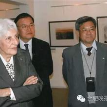 张松与巴黎国际艺术城负责人布鲁诺夫人参观安徽美术作品展
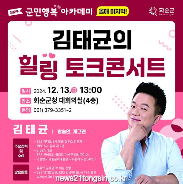 화순군(군수 구복규)은 오는 13일 오후 1시부터 화순군청 4층 대회의실에서 개그맨이자 방송인인 김태균 씨를 강사로 초청하여 '2024 군민행복 아카데미 9회차 강연을 개최한다고 밝혔다.
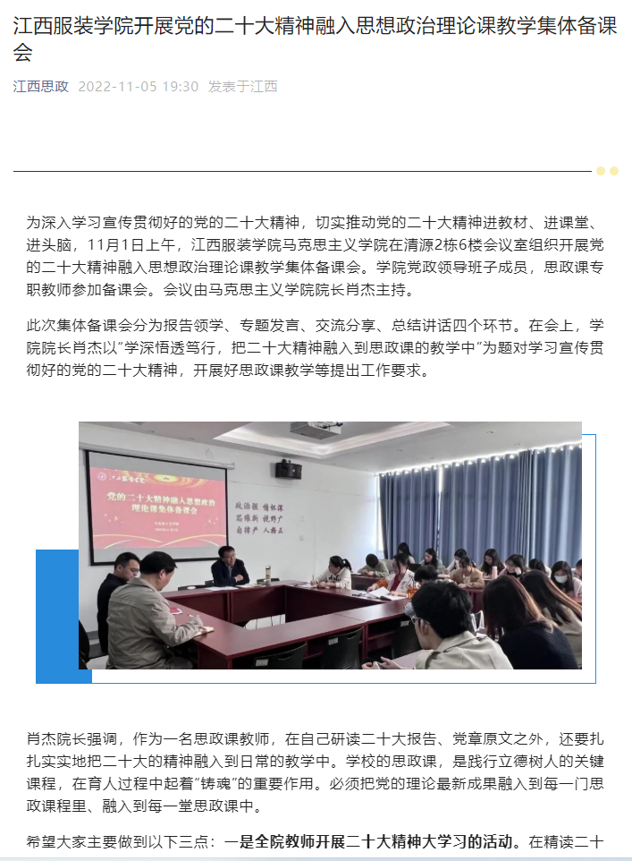 为深入学习宣传贯彻好的党的二十大精神,切实推动党的二十大精神进教材、进课堂、进头脑,11月1日上午,江西服装学院马克思主义学院在清源2栋6楼会议室组织开展党的二十大精神融入思想政治理论课教学集体备课会。学院党政领导班子成员,思政课专职教师参加备课会。会议由马克思主义学院院长肖杰主持。
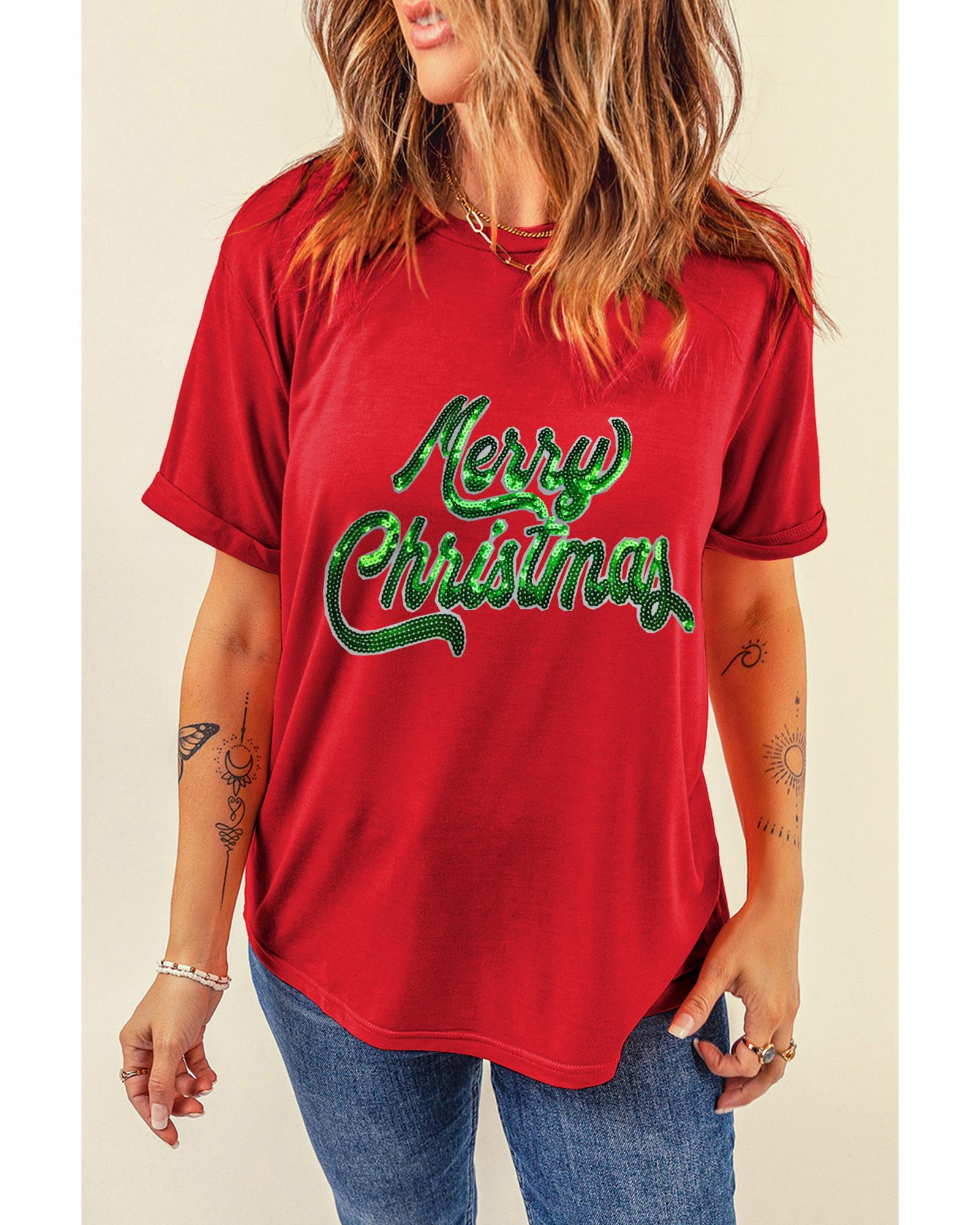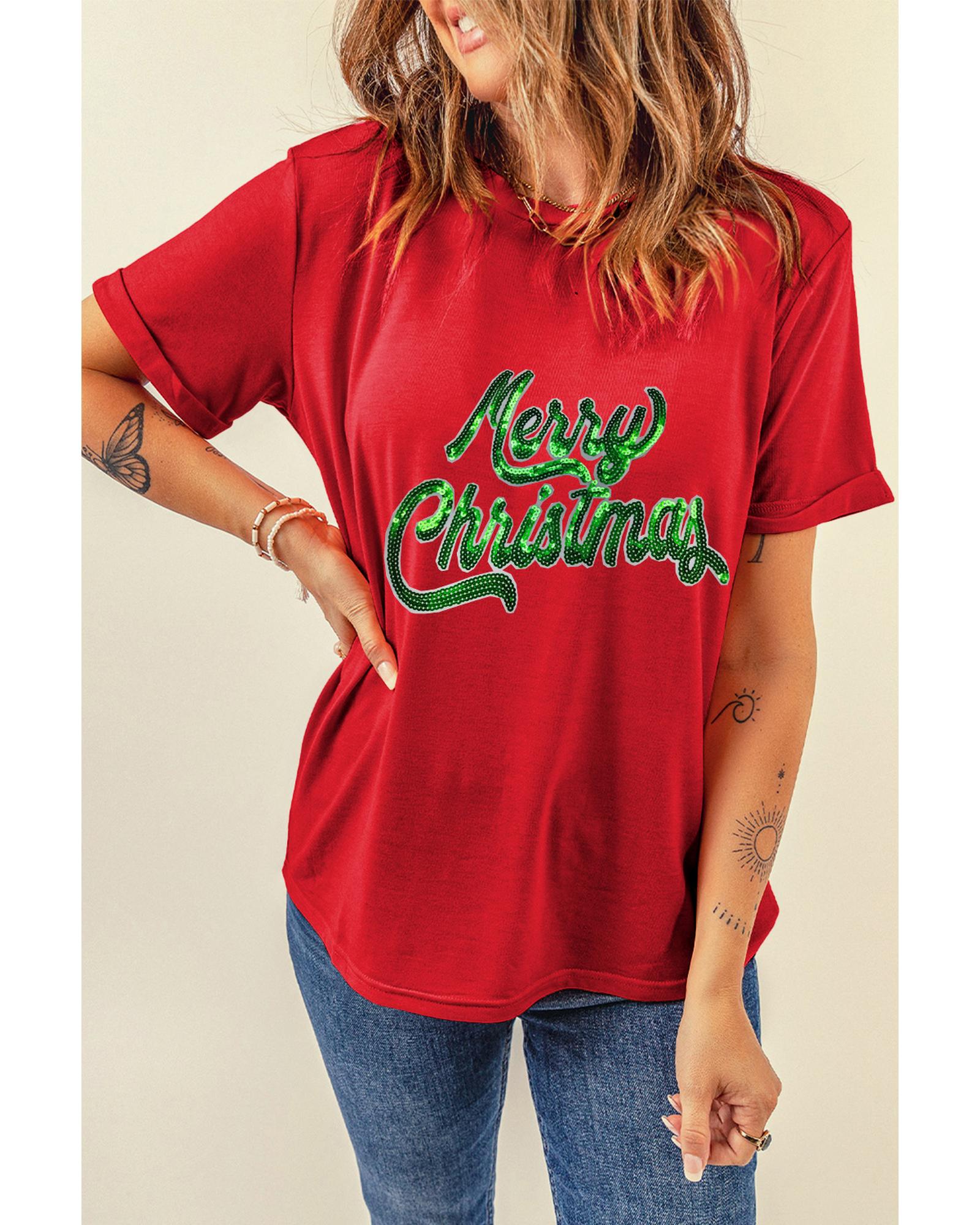 Red Merry Christmas Graphic Crewneck T Shirt – S
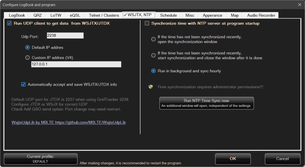 Here you configure the UDP port, IP address, and whether incoming data from WSJT-X / JTDX should be accepted automatically.
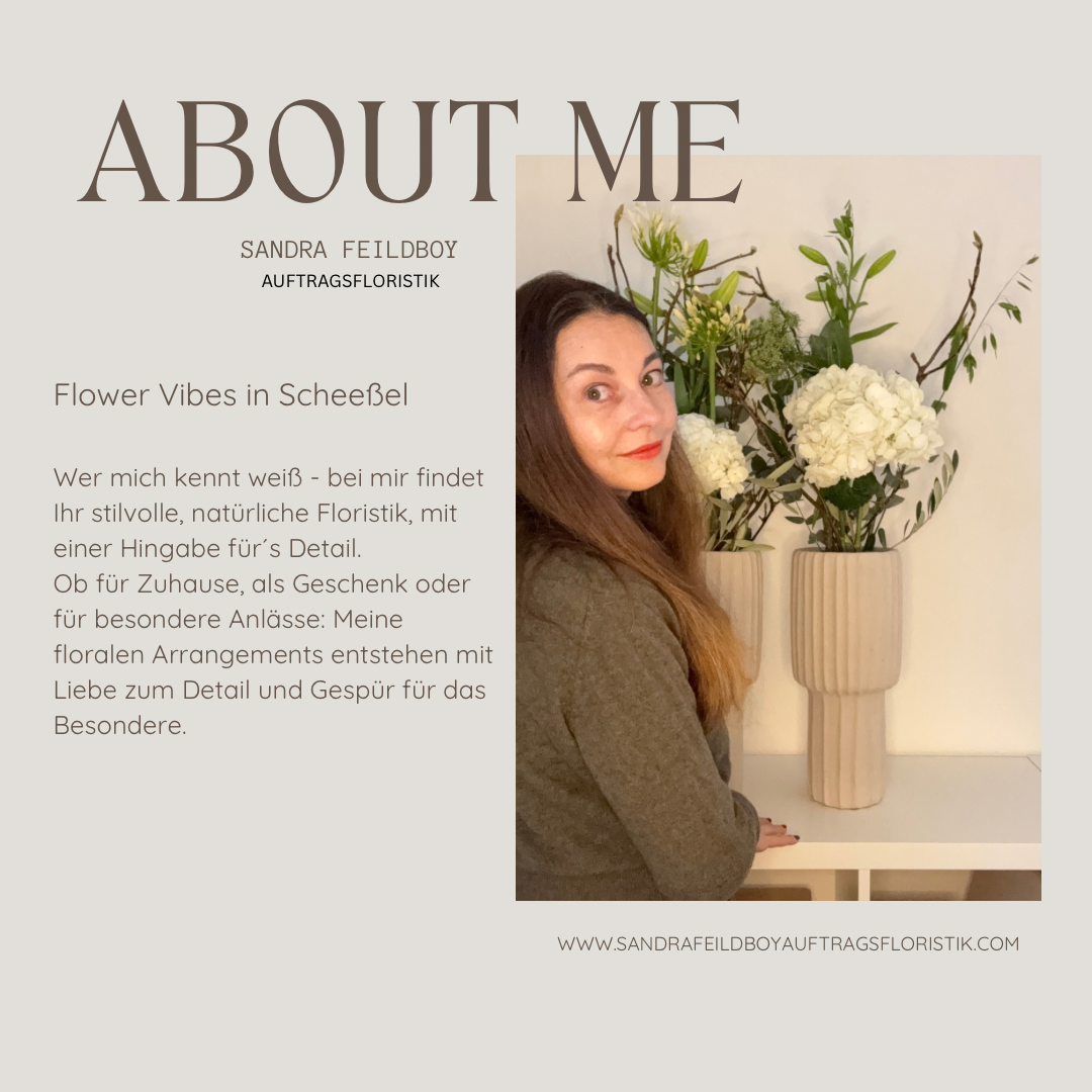 Nach vielen Anfragen und vielen Gesprächen mit mir selbst, habe ich meinen Weg als Auftragsfloristin eingeschlagen. Es ist die Verwirklichung einer Idee, die mir ermöglicht, meine Kreativität und die Leidenschaft für meinen Beruf zu leben und euch mit individueller floraler Handwerkskunst zu begeistern.
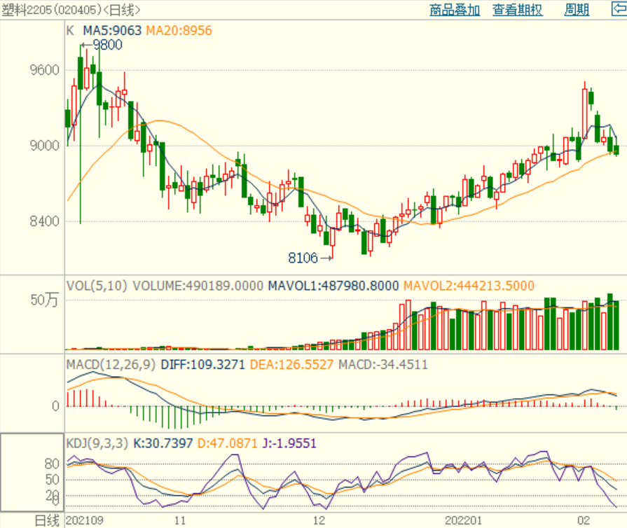 塑料期货05合约延续下跌行情,KDJ指标向下扩散,MACD下跌绿柱变长,持仓量及成交量下降,国内PE检修偏少,元宵节前下游需求偏弱,尤其是动力煤期货走弱,成本支撑下降,预计塑料期货仍有回调风险,仅供参考。
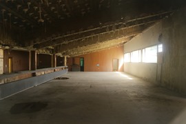 Interiormente, se compone de un amplio vestíbulo para la recepción de los nuevos residentes y oficinas generales, que se accedía a través de un gran porche. Alrededor de él aparece una sala polivalente en el ala oeste con grandes ventanales, una centralita telefónica, estación megafónica, servicios de administración y oficinas, botiquín, almacenes y alojamientos para el personal de administración y dirección del complejo. El conjunto se remata con un ala curvo que da a la calle Avilés y que alberga una cafetería con amplia terraza y varios locales comerciales.

·····

■ **EXERCISE GOAL**: Print the records again exactly, pictures excluded.

■ **WRITTEN RESPONSE**:
 张松与巴黎国际艺术城负责人布鲁诺夫人参观安徽美术作品展
 화순군(군수 구복규)은 오는 13일 오후 1시부터 화순군청 4층 대회의실에서 개그맨이자 방송인인 김태균 씨를 강사로 초청하여 '2024 군민행복 아카데미 9회차 강연을 개최한다고 밝혔다.
 为深入学习宣传贯彻好的党的二十大精神,切实推动党的二十大精神进教材、进课堂、进头脑,11月1日上午,江西服装学院马克思主义学院在清源2栋6楼会议室组织开展党的二十大精神融入思想政治理论课教学集体备课会。学院党政领导班子成员,思政课专职教师参加备课会。会议由马克思主义学院院长肖杰主持。
 Red Merry Christmas Graphic Crewneck T Shirt – S
 Here you configure the UDP port, IP address, and whether incoming data from WSJT-X / JTDX should be accepted automatically.
 Nach vielen Anfragen und vielen Gesprächen mit mir selbst, habe ich meinen Weg als Auftragsfloristin eingeschlagen. Es ist die Verwirklichung einer Idee, die mir ermöglicht, meine Kreativität und die Leidenschaft für meinen Beruf zu leben und euch mit individueller floraler Handwerkskunst zu begeistern.
 塑料期货05合约延续下跌行情,KDJ指标向下扩散,MACD下跌绿柱变长,持仓量及成交量下降,国内PE检修偏少,元宵节前下游需求偏弱,尤其是动力煤期货走弱,成本支撑下降,预计塑料期货仍有回调风险,仅供参考。
 Interiormente, se compone de un amplio vestíbulo para la recepción de los nuevos residentes y oficinas generales, que se accedía a través de un gran porche. Alrededor de él aparece una sala polivalente en el ala oeste con grandes ventanales, una centralita telefónica, estación megafónica, servicios de administración y oficinas, botiquín, almacenes y alojamientos para el personal de administración y dirección del complejo. El conjunto se remata con un ala curvo que da a la calle Avilés y que alberga una cafetería con amplia terraza y varios locales comerciales.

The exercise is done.